Third day into the year and I think I ran out of shit to say; back in 1984, maybe even 1980. In 1980 I said I do, popped out a few kids and was set on the path to social and mental health ruin. Wait, popping out the kids isn’t related to social and mental health ruin, well, not social ruin. Just saying I do and I’m leaving out the context; there was a minister and flowers and a chick dressed in white, kegs of beer, a band and VW van loaded down with shit.
Pretty much all the shit I’ve said between then and now was more for melody and meter than meaning. Don’t get me wrong, melody and meter are noble causes and much less tiresome then meaning, unless it’s your third set, closing time, and some idiot in the back of the bar keeps yelling ‘Free Bird!” and pumping two fingers in the air. I’ll give that bird something to never change about …
I guess that for a while I said shit that was important to other people. I mean I changed their lives, not for the better. Wait, no, they fucked up their lives, I just said it out loud and for the record. You’re an idiot, if for instance, you blame the cop for your speeding, his fault is writing you the ticket, you were speeding all on your own, probably because of all the drugs. You ruined speeding for the rest of us. Um, my analogy is actually much milder than the instances of life fucking up I pointed out.
All that shit, however, analogous and analog, happened in the past. In Portland Oregon most all of the rest of the country is referred to as “back East”. I use “the Past” in that same spirit; everything before this very moment. In the immediate present I’m typing. If you follow a certain time-line, I’m always typing and, possibly, always will be. Even when I type, and poorly I might add, it’s more melody and meter than content.
Y’ll can disagree if you want but I’m not disparaging myself. I’m kind of fond of me, just a little bored. I remember days, weeks, months when I dearly wished for a little boredom. I also have a vauge memory of being a child and engaged in some joyous activity only a kid would do and thinking “I will always remember this, this is what it’s like to be a kid”. I don’t remember what I was doing, but I remember how profound the idea that I should remember the essence of being a kid.
As it stands the best thing I can think of about being a kid is the constant state of wonder and curiousity, at least that how it was for me. Today, below freezing, if I saw a naked clown go through a car wash on a unicycle I might yawn or honk my horn, impatient for my turn. I stopped by a speedway, a chain of gas stations in this part of the country, to pick up smart water on way to see GF. The car wash was in service. I briefly wondered how they keep the hoses from freezing. Tomorrow, according to my weather app has a high of 18 degrees farenheit, windchill bringing it below zero.
I thought perhaps I should get a car wash in. I’ve been driving on clay and gravel roads coated in slush and ice and my little red sedan looks like it has flames of mud on it’s flanks.
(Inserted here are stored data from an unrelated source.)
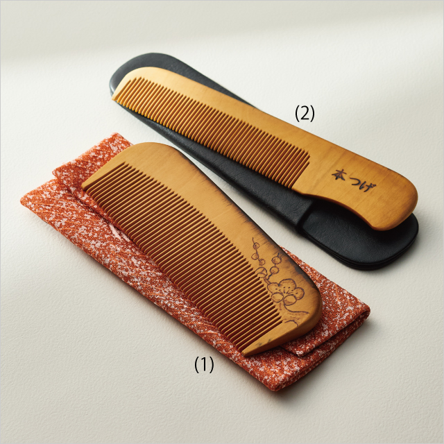 古来より愛用されている伝統的なつげ櫛は、静電気の発生が少なく、とかすほどに髪に艶と潤いを与えます。焼きゴテで梅の花を施した婦人用と、紳士用をご用意しました。
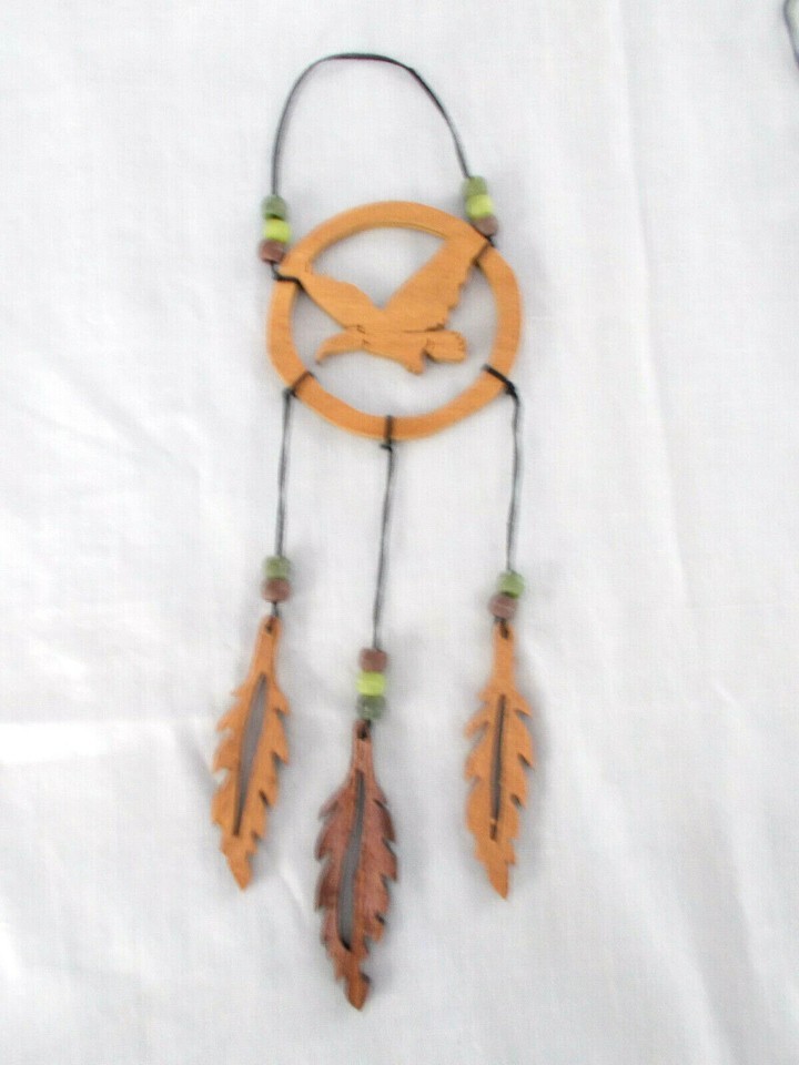 You are viewing a hand made / hand crafted ALL WOOD Dream Catcher with a WILDLIFE FULL BODY FLYING EAGLE cut out in the center and 3 dangling cut out wooden FEATHERS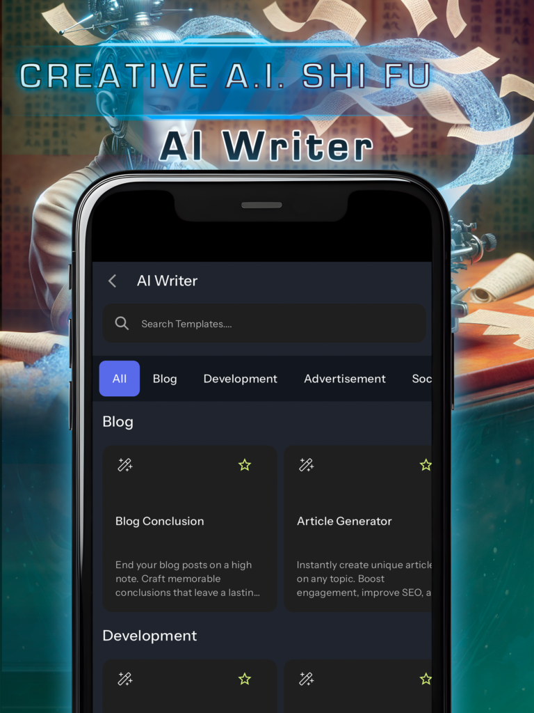 Beautiful content doesn’t have to be designed from scratch. Creative AI Shifu can create collections of AI Generated Artwork and engaging copy text that you can assemble to make your content impactful, meaningful and appealing.
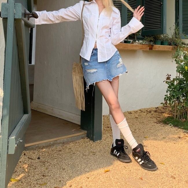 ジップ シャツ レディース 韓国 白シャツ ウエストシェイプ タイト ショート ミニマム シャツ 春夏 トップス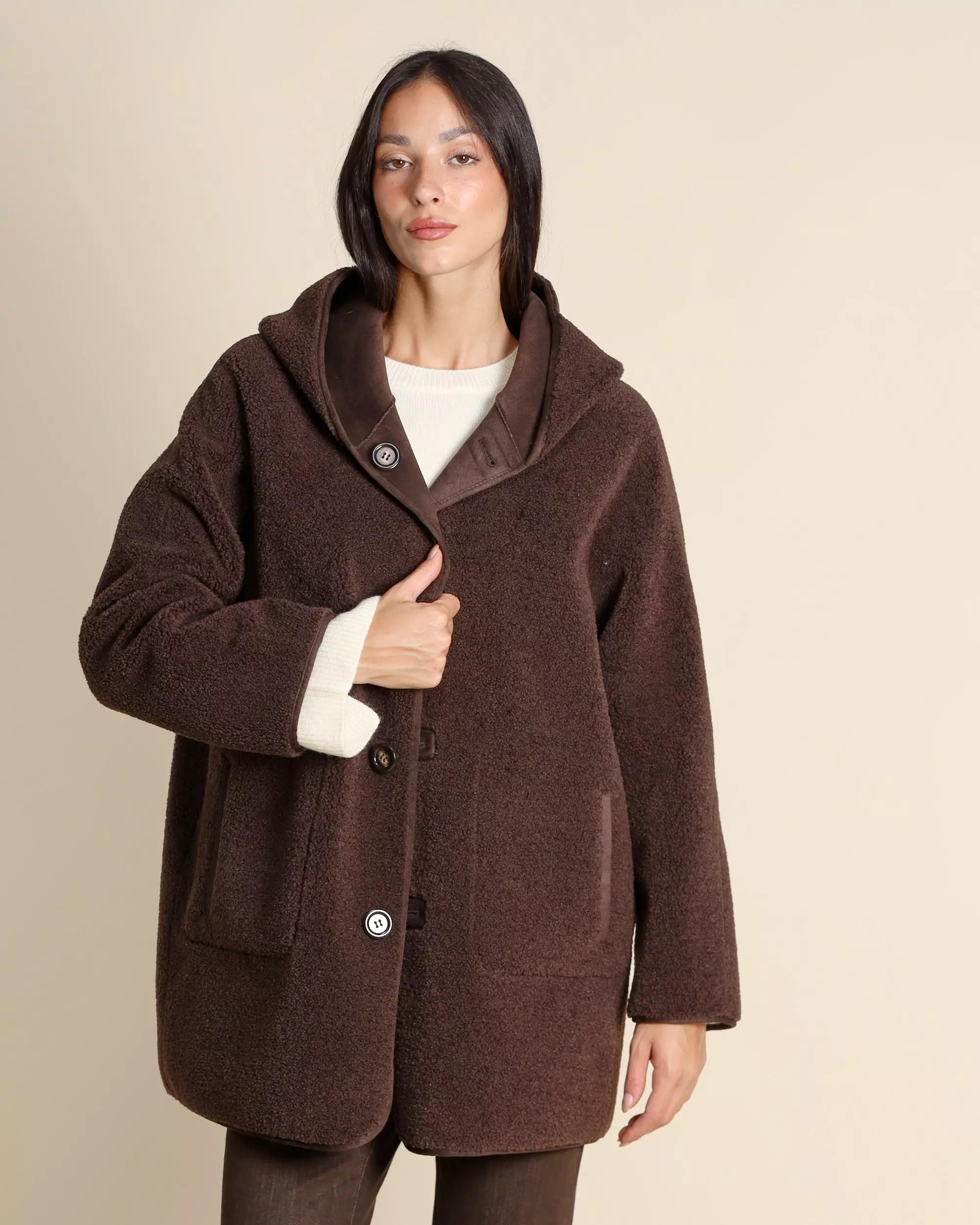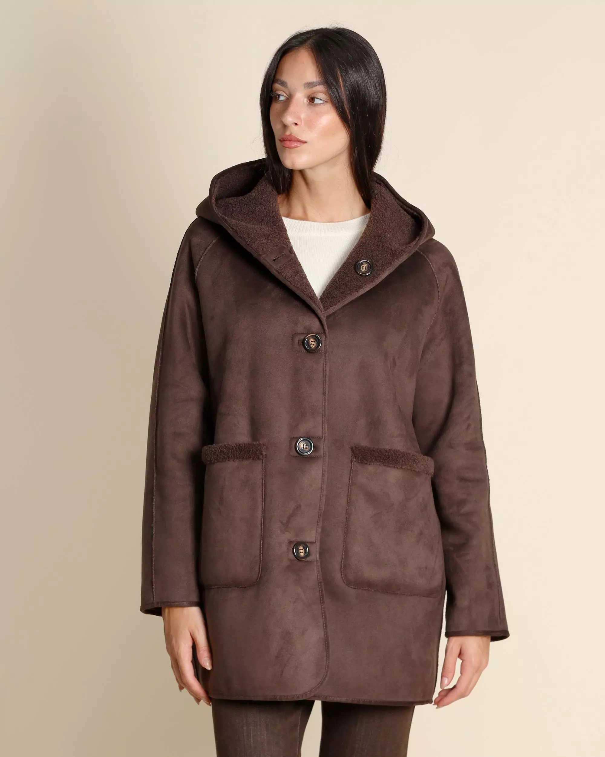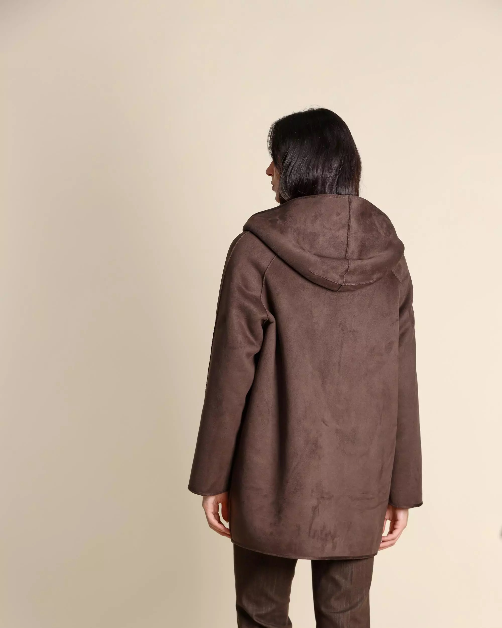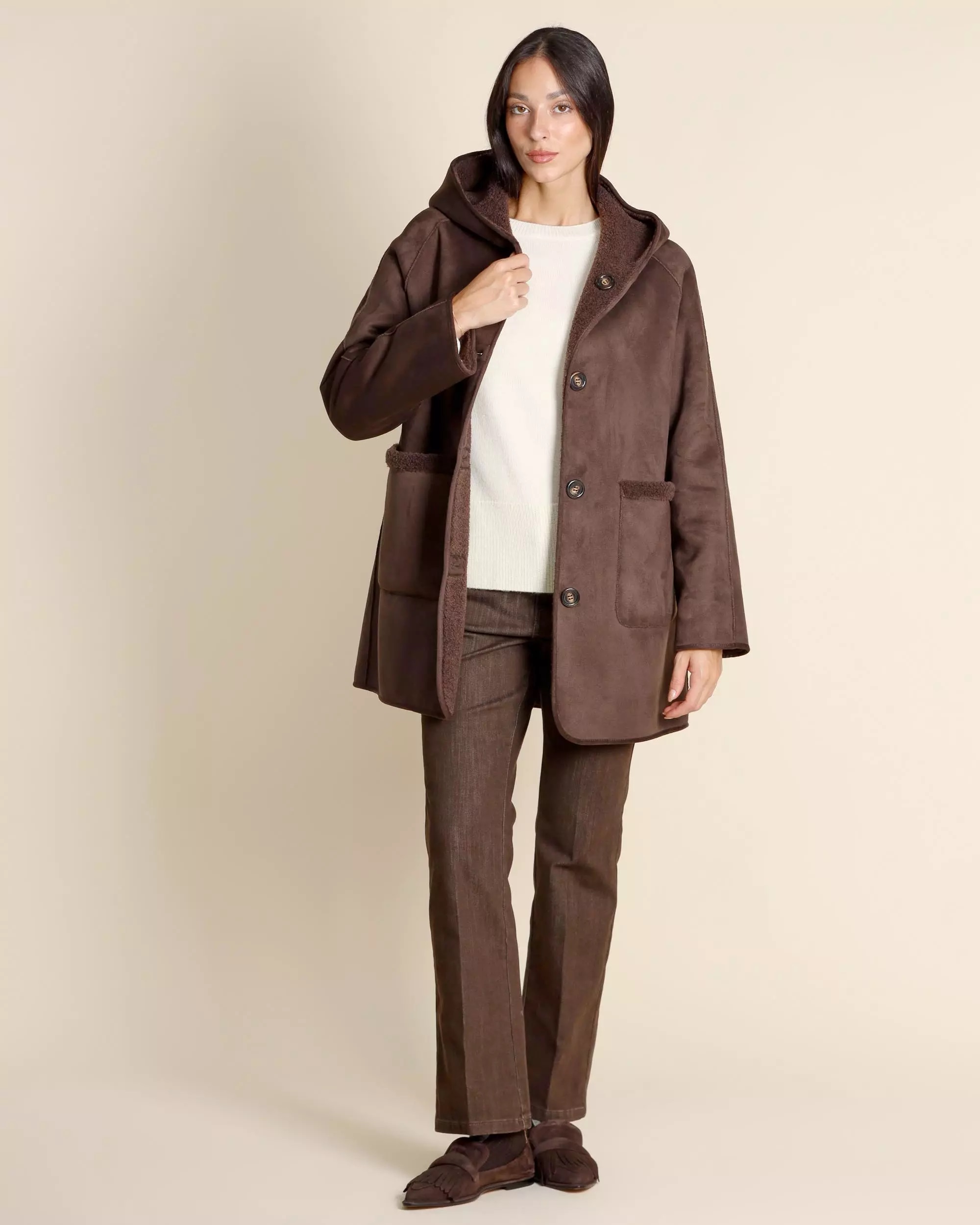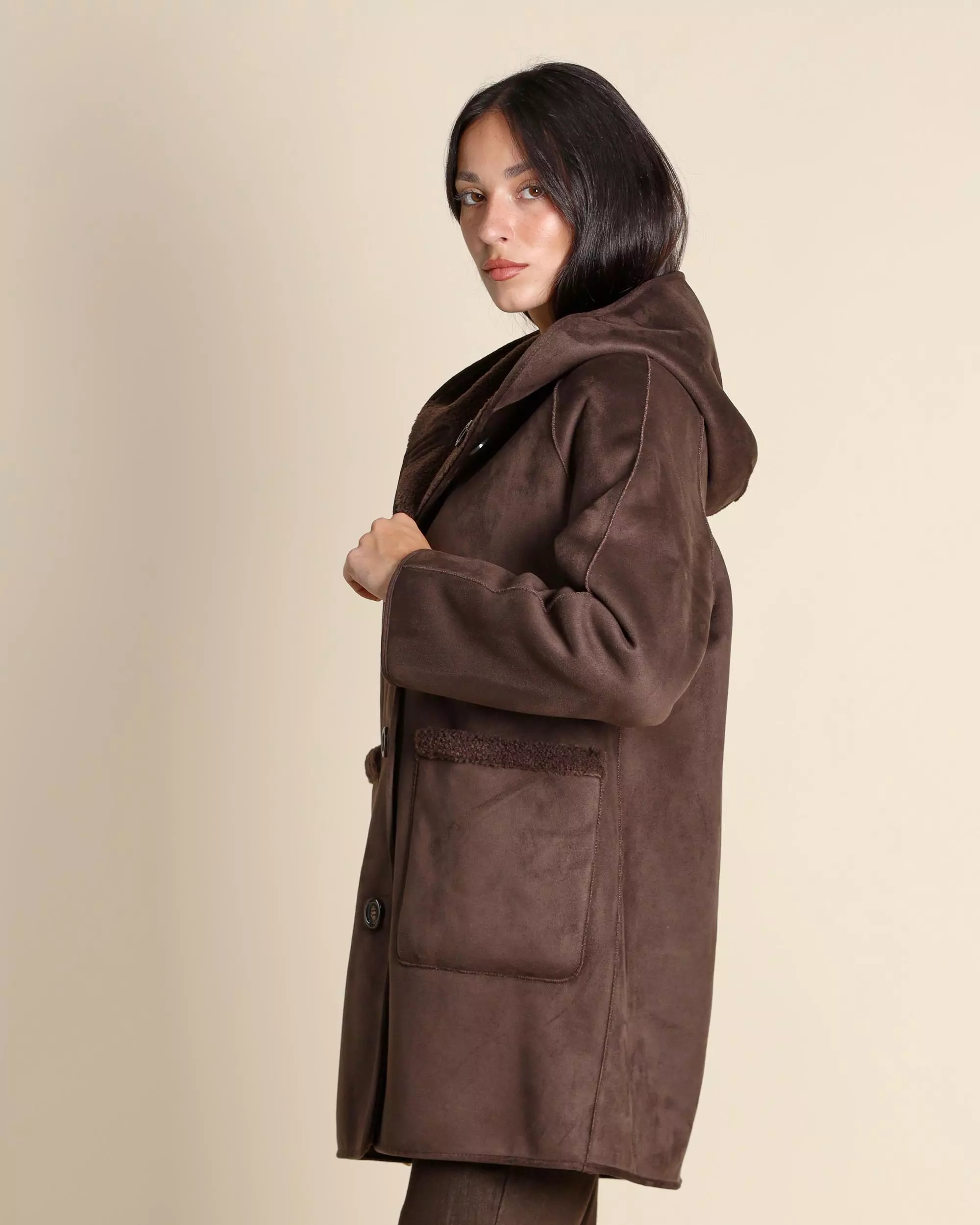 Caban reversibile da donna in color testa di moro, realizzato in jersey dal finish vellutato accoppiato con tessuto morbido. Modello dal fit dritto con cappuccio e maniche raglan, chiusura monopetto con bottoni a vista e doppia funzionalità grazie alle tasche laterali applicate su un lato e inserite sullaltro. Leggero e confortevole, è il capo ideale per uno stile urbano versatile e disinvolto.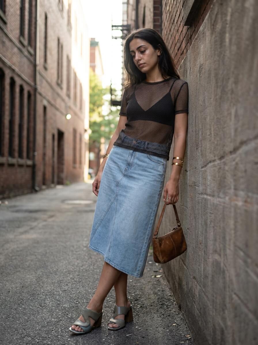 A sheer chocolate mesh long-sleeve layered over a bralette, styled with a light-wash asymmetrical denim midi skirt. Finish with sculptural heeled sandals, a mini leather bag, and bold gold cuffs. It’s edgy, breathable, and far from basic summer outfit ideas.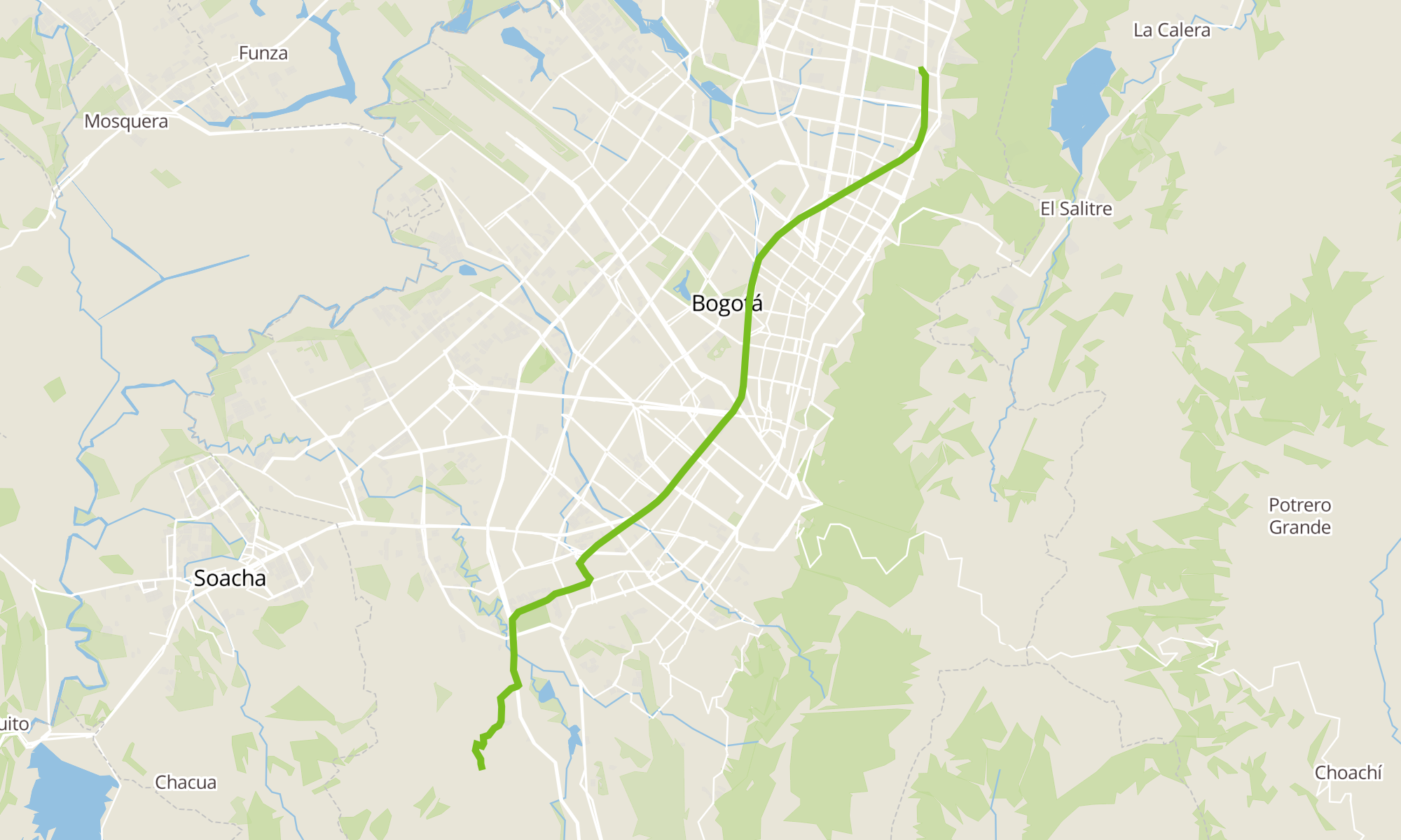Sentido: Br. Arabia (Kr 18g - Cl 81g Sur) ‎→ Éxito Country (Ac 134 - Kr 9b) (77 paradas)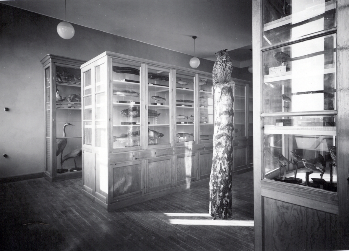 Uppstoppade djur i ett materielrum på Kalmar högre allmänna läroverk, numera Stagneliusskolan.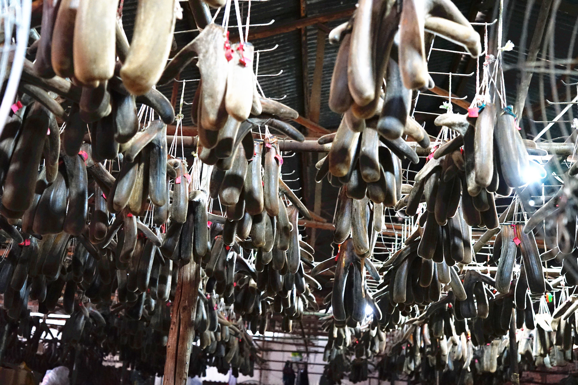 看看这集市上热闹的场景,都是不远万里来这里采购的各地商人。与当地的鹿农在不断的讨价还价之后,满意的带着自己收获来的新鲜鹿茸,再次走进集市周边的加工厂。新鲜的鹿茸是不可以直接运输的,必须在24小时内快速经过高温,杀菌,消毒,然后逐渐风干。这样才能保证鹿茸的有效营养不再流失,才能保证鹿茸的品质。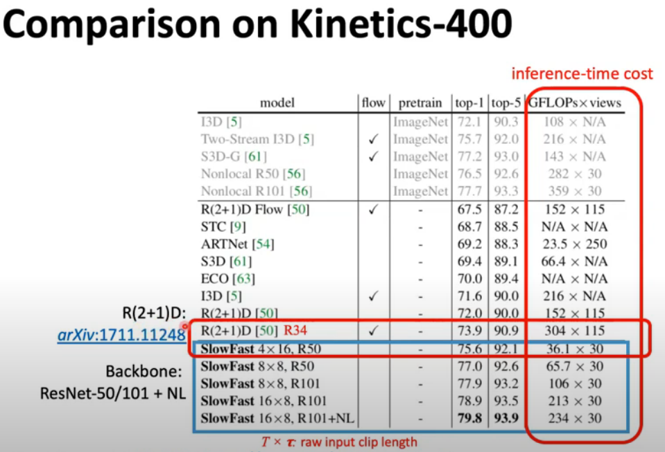 kinetics 400(사람 행동 400개 클래스, 각 클래스당 최소 400개의 비디오, 약 10초 길이, YouTube에서 가져옵니다. 동작은 인간에 초점을 맞추고 악수와 같은 인간과 인간의 상호 작용뿐만 아니라 악기 연주와 같은 인간과 개체의 상호 작용을 포함하여 광범위한 클래스를 포함합니다.) 데이터로 비교해보니 FAIR 다른 팀에서 발표한 R(2+1)D모델에 비해서 성능도, 연산량도 향상된것을 볼 수 있습니다.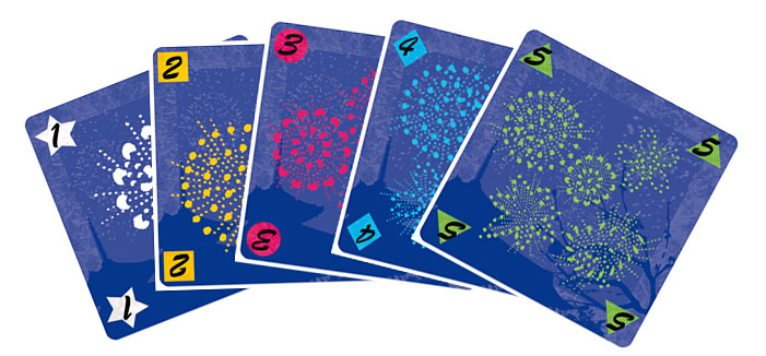 Chaque feu d'artifice ne peut comporter qu'une seule carte de chaque valeur. Il contient donc 5 cartes lorsqu'il est reconstitué.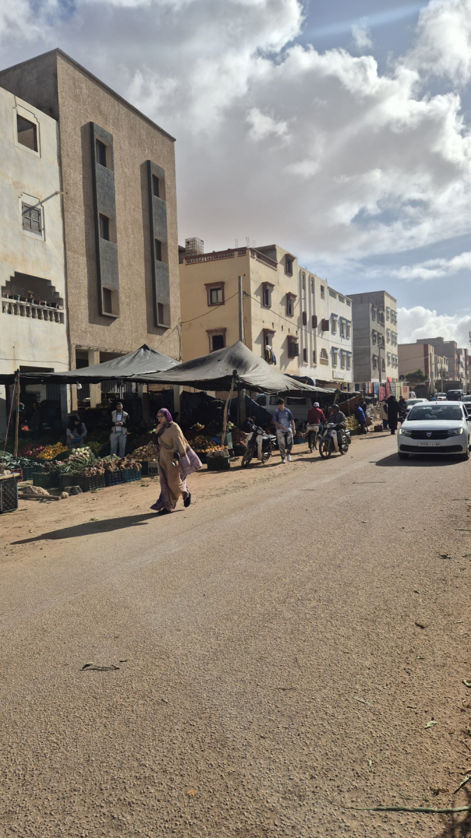 Der Ort selber ist vom Tourismus geprägt und zeigt sich so wie die meisten Orte am Meer, stark in die Jahre gekommene Uferpromenade, halb zerfallene Hotel- und Restaurant-Gebäude. Zwei drei Straßen von der Promenade weg beginnt dann das normale marokkanische Leben. Hier verbringen die Bewohner, in für uns Westeuropäer schwierig zu verstehenden Umständen ihr normales Leben. Wir besuchen den Wochenmarkt, der sich hier eine breite Straße entlang ausbreitet. Ähnlich wie schon in Sidi Ifni, interessant anzusehen. Wir kaufen in der bereits beschriebenen Manier frisches Obst und Gemüse ein.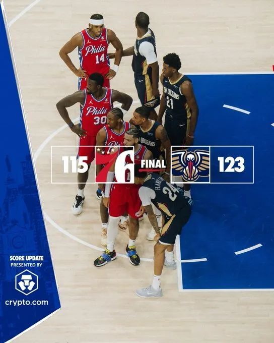 近日费城115-123不敌鹈鹕,后者没胖虎莺歌琼斯墨菲等主力核心球员,此役乔治罕见爆发贡献25分11板5助2断。

When I was a teen that area was a wild life/wetlands preserve. I would go back there to do stuff like making out or getting high. I don’t remember every thinking “Ah, this is what it’s like to be a teenager, remember this” I do vaguely remember thinking “This is some stupid shit”. I think the reason older people criticize new teenagers is that their stupid shit is stupider than their, the older ones, stupid shit was. I’m only guessing. I like to think I gauge stupid shit on the merits of it’s stupidity and not the relative stupidity of the stupid shit performing artist. But, as Jesus might say, WTFDHK (what the fuck does haredawg know)? Ok, ok, though I’d be surprised if Jesus wasn’t versed in proper use of the word fuck, and even given that his eye is on the sparrow, I don’t think I merit particular mention from on high. Perhaps it’s more like WTFITSD (what the fuck is that sparrow doing?)
I am no longer a teen and that area is no longer a preserve, it’s wetlands with houses built while I was in Oregon. The roads haven’t been improved since. People shoot deer in and out of season through their screen windows. I guess that saves on purchasing orange vests.
If I had made a resolution to type here daily I seem to be keeping it. I didn’t which means I might, type daily, not resolve. The real question is WTFAYD (what the fuck are doing?) Please, do it well, and, barring that, don’t get caught.